Патриархат работает таким образом, что сначала он образует разрыв в подлинных отношениях между людьми, а затем делает невозможным их восстановление и не позволяет даже видеть эти разрывы, высмеивая чувствительность в мальчиках и запрещая самовыражение девочкам. Невозможность видеть разрывы автоматически превращается в политическую проблему, потому что люди становятся слепы к несправедливостям и неспособны им противостоять из-за защитных механизмов молчания и насилия. Когда у тех, кто внизу иерархии, есть голос, чтобы сообщить о своих чувствах и своём опыте, а у тех, кто наверху, сохраняется возможность эмпатии, их будет тянуть к соединению и исцелению разрывов.
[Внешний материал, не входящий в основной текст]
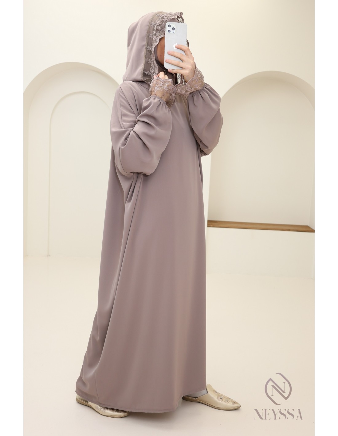 Die Vorteile der langen taupefarbenen Abaya für Damen mit integriertem Hijab und Spitzenkapuze: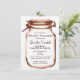 Impreso en papel ambiental. Estas rústicas invitaciones a la ducha de novias con jarros de carmín son perfectas para una novia de campo. Un frasco rústico de conservas es el fondo. Añade tu propio texto de ducha de novia a la plantilla.

Задача патриархата в том, чтобы этого не происходило, чтобы неравенство сохранялось и оставалось невидимым. В сущности, что пишут Гиллиган и Снайдер (и с чем соглашаются другие теоретики): в наших обществах в раннем возрасте с детьми происходит что-то, что считается нормальным элементом взросления, но что на самом деле их глубоко калечит; и хорошо, если в дальнейшем у них хватит ресурсов и информации осознать себя как жертву этой травмы и двинуться навстречу излечению. Инициация в норму, о которой мы говорили раньше, — это, в частности, инициация в патриархат. В систему, которая лишает мужчин возможности заботиться и быть близким, а женщин — претензий быть полноценной личностью. Которая все тела вообще лишает доступа к настоящей любви и близости. Гиллиган и Снайдер заключают вполне конкретно: «Коротко говоря, патриархат держится на разрушении способности человека восстанавливать отношения: его иерархические структуры покоятся на утрате отношений и отказе от любви».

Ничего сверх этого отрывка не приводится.